What is Incydr and
why do I need it?

Incydr is going to revolutionize your insider risk posture.

But don’t take our word for it, check out this explainer then trust yourself to make the right call.


If you’re reading this, you’re probably a Security Architect and (quite frankly) hats off to you.

You’re not only a strategic planner, you’re also the person who actually builds and executes the security strategy in the field.

That ain’t easy.

We’d love to preach the time-saving, cost-saving, personal benefits of Code42’s Incydr…but that’s not really what you need right now.

Maybe you’ve got a new security mandate, or you’ve identified a gap in your tech stack and need a solution to close it.

Either way, as you consider Incydr, you’re going to want to get into the nitty-gritty of how it actually works.

Because the only way you’ll know if it’s a fit is by looking under the hood.

So, let’s pop it.


Under the hood

An overview of Incydr fundamentals

Incydr is a SaaS, data risk detection and response product for managing Insider Risk.

Using a sophisticated endpoint agent and API integrations, it monitors file activity and intelligently detects data exposure events (like when data is moved, shared, or taken outside your perimeter).

With Incydr, security isn’t lumbered with defining what’s acceptable or unacceptable through policy—minimizing deployment time.

That’s because it monitors for any file moving activity then removes noise by filtering out data moved to trusted sources.
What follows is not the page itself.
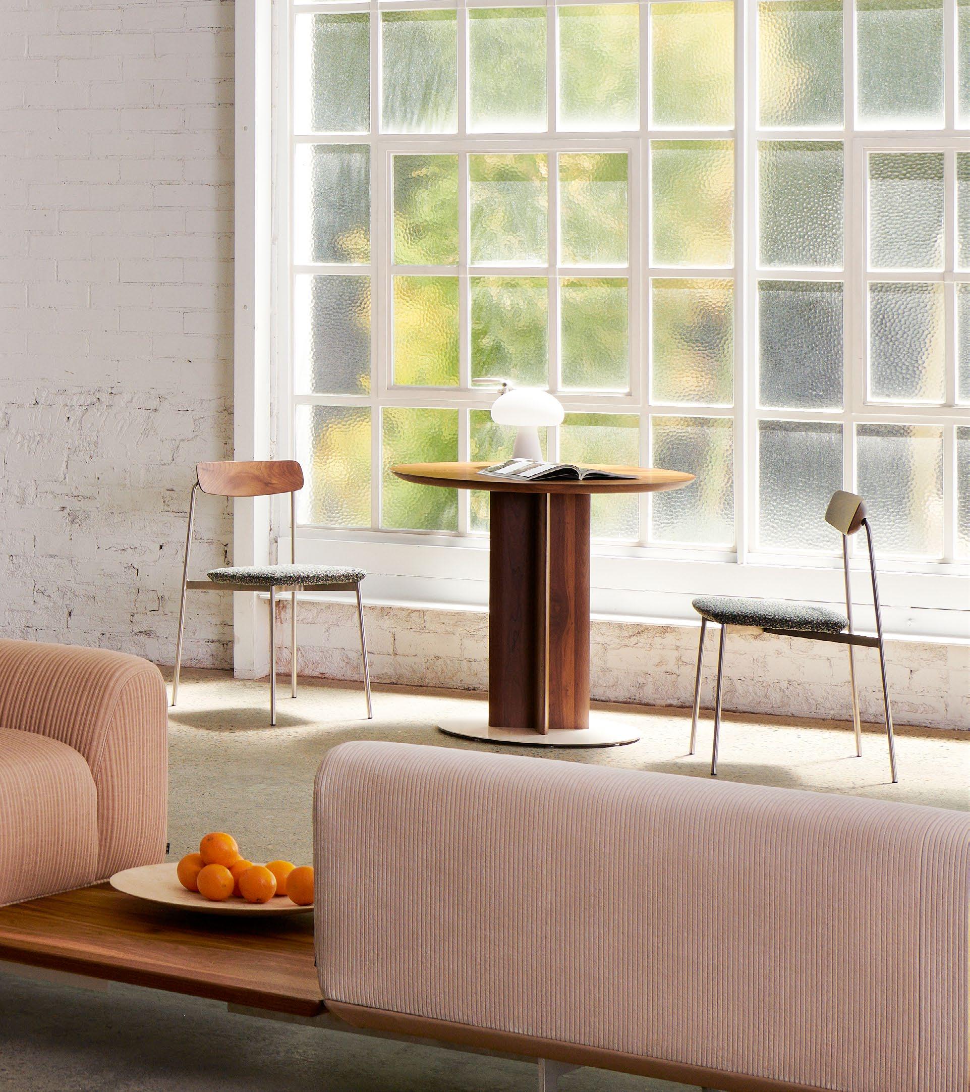 inspired by sydney’s iconic mlc centre by architect harry seidler, rib is the first pedestal table in the nau collection. with a striking architectural aesthetic, rib’s circular form offer a softness within commercial and residential spaces. visually light but deceptively robust, the fluted ribs allow maximum stability in their elevation of the tabletop. designed for meeting, conversation and togetherness, rib is an inviting and functional table that allows for optional integrated power and data supply. rib is available in walnut, oak, ash and black stained ash.
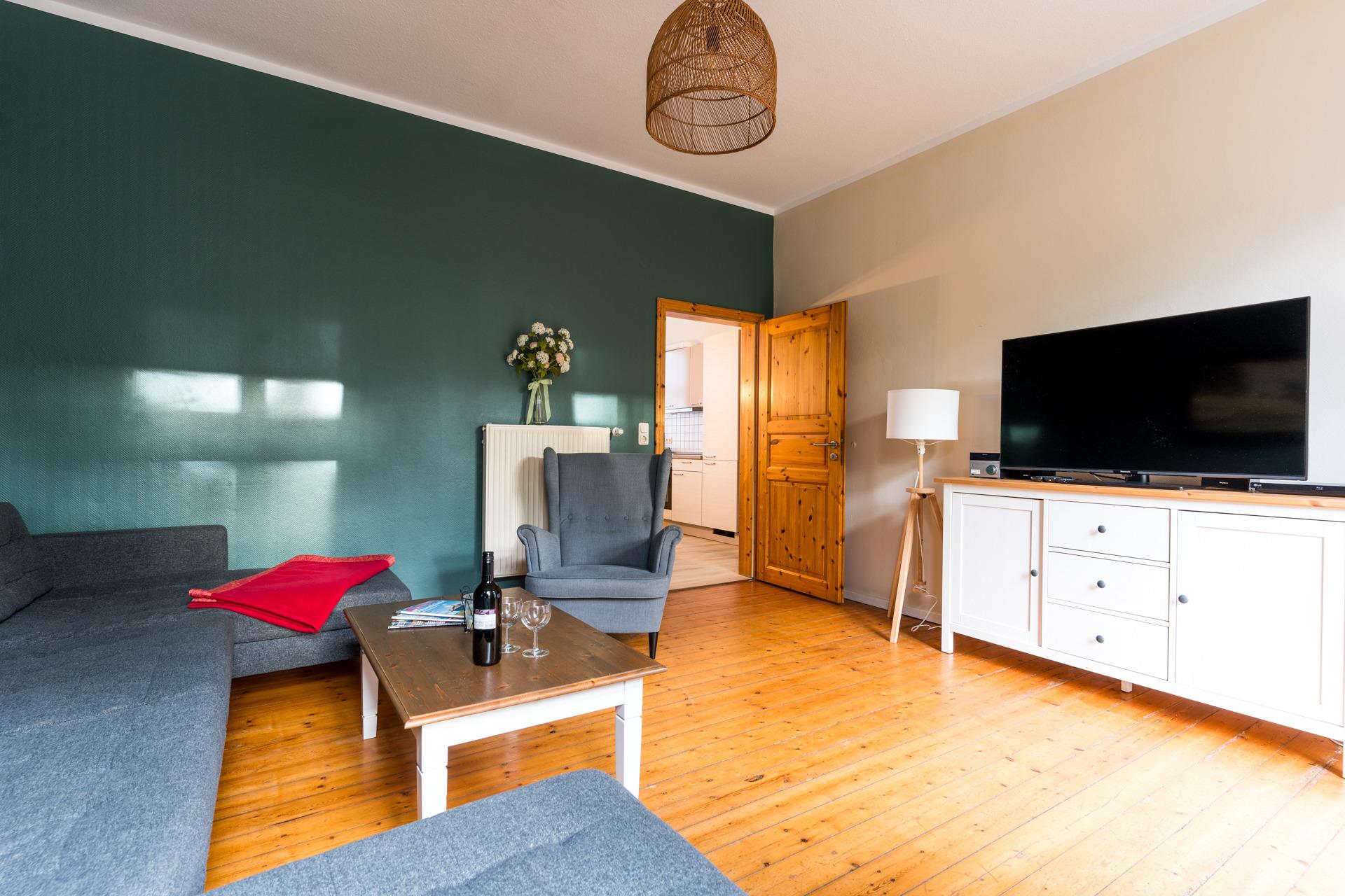Im lichtdurchfluteten Wohnzimmer erwarten Sie ein Flachbild-TV mit DVD-Player, ein Radio und ein CD-Player.

This lets you prioritize users and file activity that need immediate attention.

This prioritization, combined with Insider Risk Indicators, ensure you only get the alerts you need.

Incydr sends file, vector, and user information on detected events to the Code42 cloud to power Incydr’s detection, investigation and response capabilities.

And because the analysis takes place in the cloud, the Incydr agent’s impact on user devices is miniscule

(we’re talking average specs like 0-5% CPU and 30-80MB memory).

It’s lightweight because we value productivity and because no one likes pushback during rollout.

We rolled out Incydr in two months. I don’t know anybody who’s able to do that with a company of 500 people.
— Dustin Fritz, 
Senior Security Architect at UserTesting

Before we get into exactly how it does this, feel free give your mouse a workout and click around for some more info on the different components.

This diagram shows the workflow and architecture of the product. It starts with the data collected by Incydr, moves into the key ways that data is analyzed and presented, and ends with Incydr’s response control mechanisms.

Prioritize & Alert
Investigate & Contain
Respond & Remediate

Endpoint + Media

The agent is configured to monitor files transferred via USB, browsers, Airdrop, applications, and more.


Incydr monitors files that are publicly shared or sent to external users.


Incydr monitors emails with attachments that are sent to untrusted email addresses.

Incydr Context Flows

Automatically ingest important context in order to to streamline Insider Risk Management workflows.

Identity IAM

Incydr integrates with Identity Access Management (IAM) to authenticate users and ingest contextual attributes.


Incydr integrates with HR platforms to streamline workflows around key milestones such as departure.

User PAM

Incydr integrates with Privileged Access Management (PAM) to get context that helps you better monitor privileged users.

Endpoint Agent

Incydr’s agent can be installed on Windows, Mac, and Linux desktops/laptops.

Cloud + Email Connectors

Incydr uses direct integrations to monitor corporate data systems like OneDrive, Google Drive, Box, Gmail, and Microsoft 365.

Open APIs & SDKs

Incydr’s open API, SDK, and CLI allow you to automate workflows and integrate into your existing tech stack.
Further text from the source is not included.